We have members that have boxers and would like to be involved in the Fun show.


----------



## Ryan

We choosed Boxers because we are also trying to include all of the bully breeds our next show we might even have American Bulldogs

Kennel Club Director
American PitBull & Bully Club
apbcdogs.com


----------



## Nizmo

sweet. anyone who goes let us know how it goes and how your doggies do!


----------



## dennispits

BrooklynYards said:


> 3 weight classes
> 35-45
> 46-55
> 56-up
> 
> best time per pound wins cash prize $50 (depends on how many reg. could be more)


So the fastest time wins? So if your dog can pull 200 #s in 3 secs he beats the dog that pulls 3000 # in 30 secs? Dont seem right to me.

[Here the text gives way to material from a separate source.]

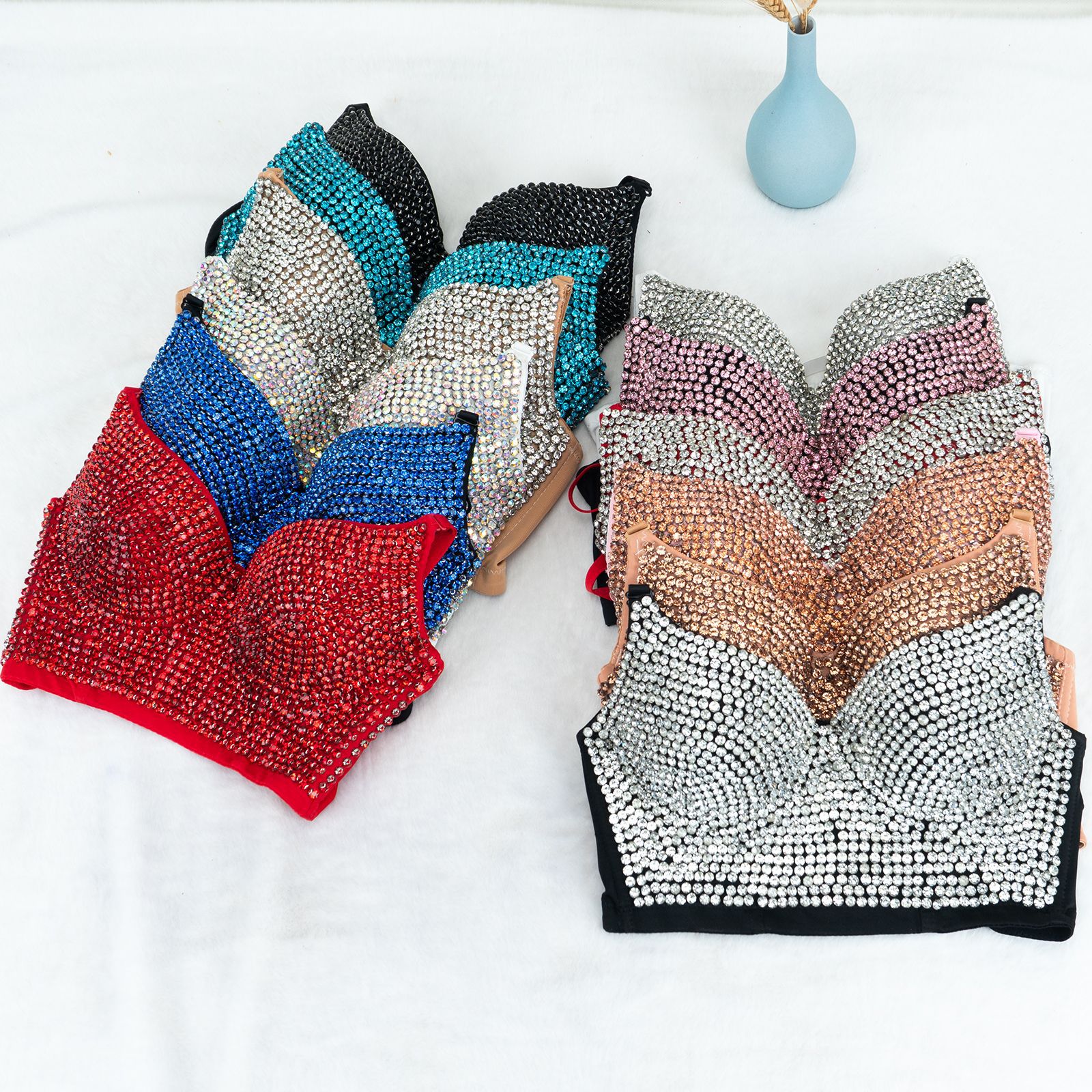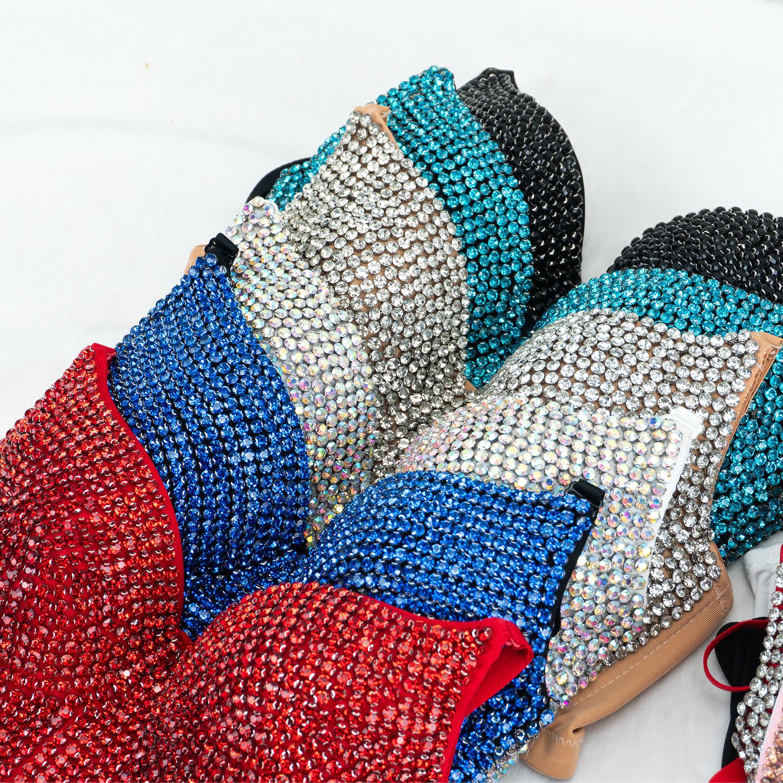 Черное дно + черный бриллиант; Белый фон + цветные бриллианты; Черный низ + розовый бриллиант; Черный фон + голубой ромб; Черный низ + темно-синий; Цвет кожи базовый + белый бриллиант; Тональный крем + шампань-диамант; Нижняя часть кожи + бриллиант цвета шампанского; Красный бриллиант на красном фоне; Белый фон + белые бриллианты; Фундамент + белый бриллиант; Красный фон + белые бриллианты; Черный фон + белые бриллианты; Черный фон + фиолетовый бриллиант

Or do you mean each time you pull a new weight the fastest time wins 50? yall gonna need a lot of money.


----------



## nate

josh swing by and pick me up on your way i want to bring my blue dog she will be the smallest dog there and out pull over all weight most dogs there 
but you know that you breed her


----------



## dennispits

Hey Nate how is Diamond doing? IS she showing anything in pulling for you?


----------



## nate

man you know i am NO blue dog fan but she is just like your dog blue you saw bango pull sunday at the uck show ? thats how dy pulls all the time she isnt anything but heart she loves to work 
i give you shit about her but she will out work anydog on my yard and thats the gods truth 
she is still learning she could pull a dixie and just stop but if she keeps going the way she is you will be talking like eddie thats out of my dog's lmfao


----------



## dennispits

Good deal. Just take your time with her.


----------



## nate

we are thats laura's little girl lol


----------



## smith family kennels

yeah if you go Josh definatly swing by and get one of us we would love to go but dont have the gas money to drive that far we could split gas and cost and all that good stuff. Give us a call maybe we could work something out in cost that will help the both of us lol. Diamond is great.


----------



## BrooklynYards




----------